Jim Wright

Biographical details
- Born: December 24, 1935 Edinburg, Texas, U.S.
- Died: January 26, 2025 (aged 89)

Playing career
- 1954–1957: Texas A&M
- Position: Quarterback

Coaching career (HC unless noted)
- 1961–1966: Texas Tech (assistant)
- 1967–1969: Mississippi State (assistant)
- 1970–1973: Tennessee (assistant)
- 1974–1978: Wichita State

Head coaching record
- Overall: 17–37–1

= Jim Wright (American football coach) =

American football player and coach (1935–2025)

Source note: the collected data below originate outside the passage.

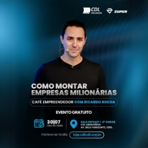 No próximo dia 30 de julho, a CDL Uberlândia realizará mais uma edição do Café Empreendedor, evento que contará com a presença do renomado empresário Ricardo Rocha. O encontro, que é gratuito, ocorrerá na Sala Espaço +, no 4º andar da CDL, das 9h às 10h da manhã, com início marcado por um coffee break.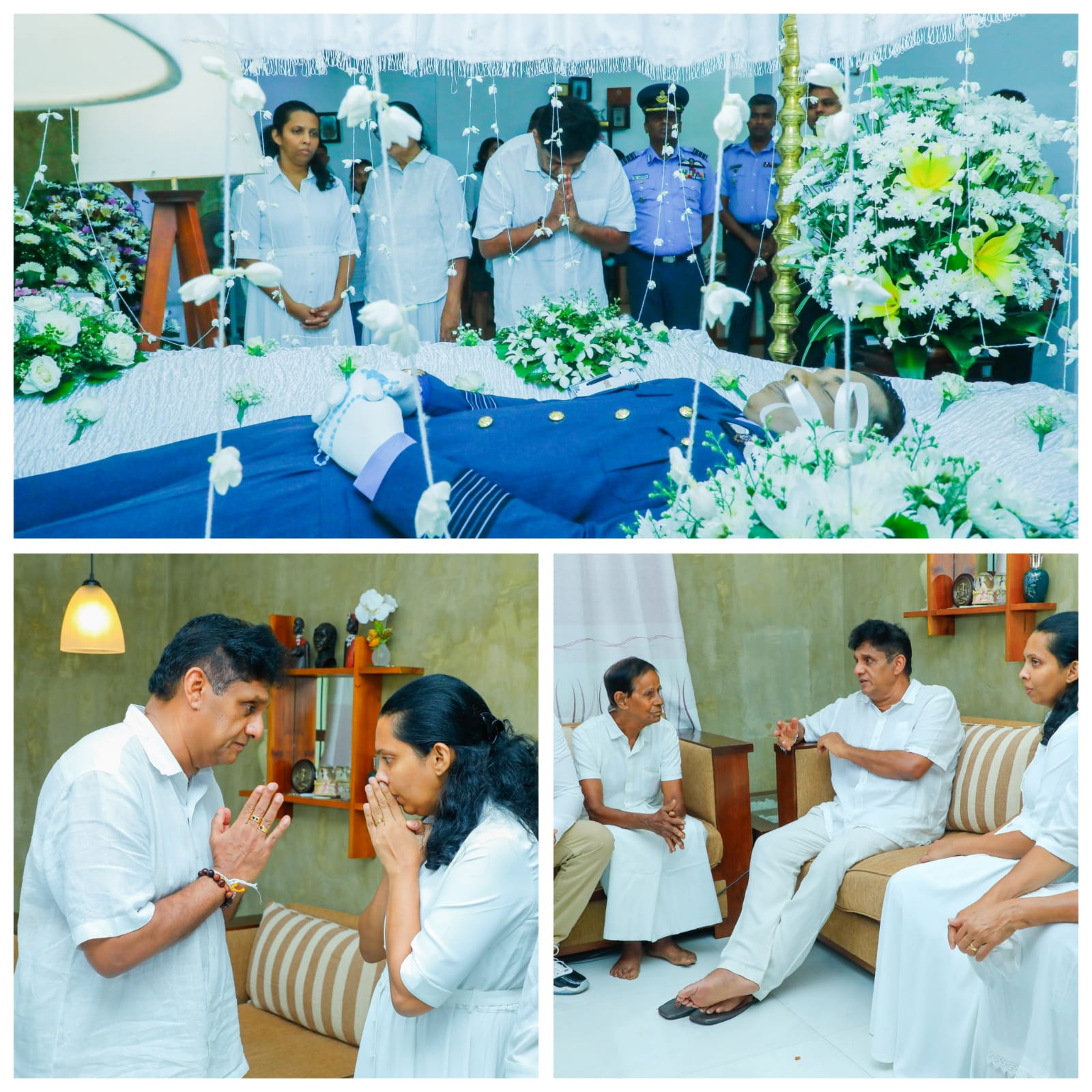 பேரிடர் நிவாரணப் பணிகளில் ஈடுபட்டுக் கொண்டிருந்த போது வென்னப்புவ, லுணுவில பகுதியில் உலங்குவானூர்தியை தரையிருக்கும் வேளையில் இடம்பெற்ற விபத்தில், உயிரிழந்த இலங்கை விமானப் படை விமானி விங் கமாண்டர் நிர்மலா சியம்பலாபிட்டியவின் பூதவுடலுக்கு எதிர்க்கட்சித் தலைவர் சஜித் பிரேமதாச இன்று (04) இறுதி அஞ்சலி செலுத்தினார்.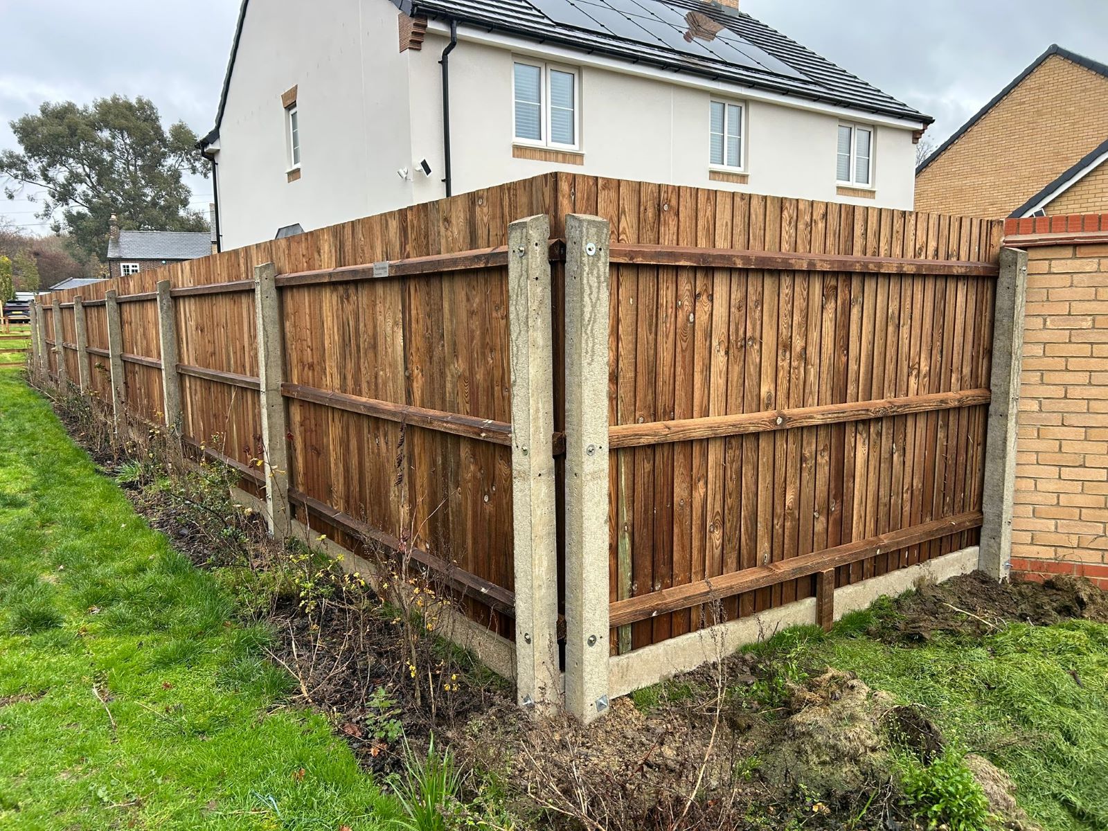 Our guy Elliott has just completed this garden fence installation in Kempston, Bedford, for our client. This included Closeboard wooden fence panels, concrete posts and twelve inch concrete gravel boards in this long garden installation that involved both full height and half-height fences.

James "Jim" Wright Jr. (December 24, 1935 – January 26, 2025) was an American football player and coach. He served as the head football coach at Wichita State University from 1974 to 1978, compiling a record of 17–37–1. Wright was born on December 12, 1935, in Edinburg, Texas. He played college football as a quarterback at Texas A&M University from 1954 to 1957. Prior to becoming head coach at Wichita State, Wright worked as an assistant football coach at Texas Tech University from 1961 to 1966, at Mississippi State University from 1967 to 1969, and at the University of Tennessee from 1970 to 1973.

==Head coaching record==

| Year | Team | Overall | Conference | Standing | Bowl/playoffs |
Wichita State Shockers (Missouri Valley Conference) (1974–1978)
| 1974 | Wichita State | 1–9–1 | 1–4–1 | 7th |  |
| 1975 | Wichita State | 3–8 | 1–3 | T–4th |  |
| 1976 | Wichita State | 4–7 | 2–2 | T–3rd |  |
| 1977 | Wichita State | 5–6 | 3–1 | 2nd |  |
| 1978 | Wichita State | 4–7 | 2–4 | 6th |  |
| Wichita State: |  | 17–37–1 | 9–14–1 |  |  |  |  |  |
| Total: |  | 17–37–1 |  |  |  |  |  |  |  |

==Death==
Wright died on January 26, 2025, at the age of 89.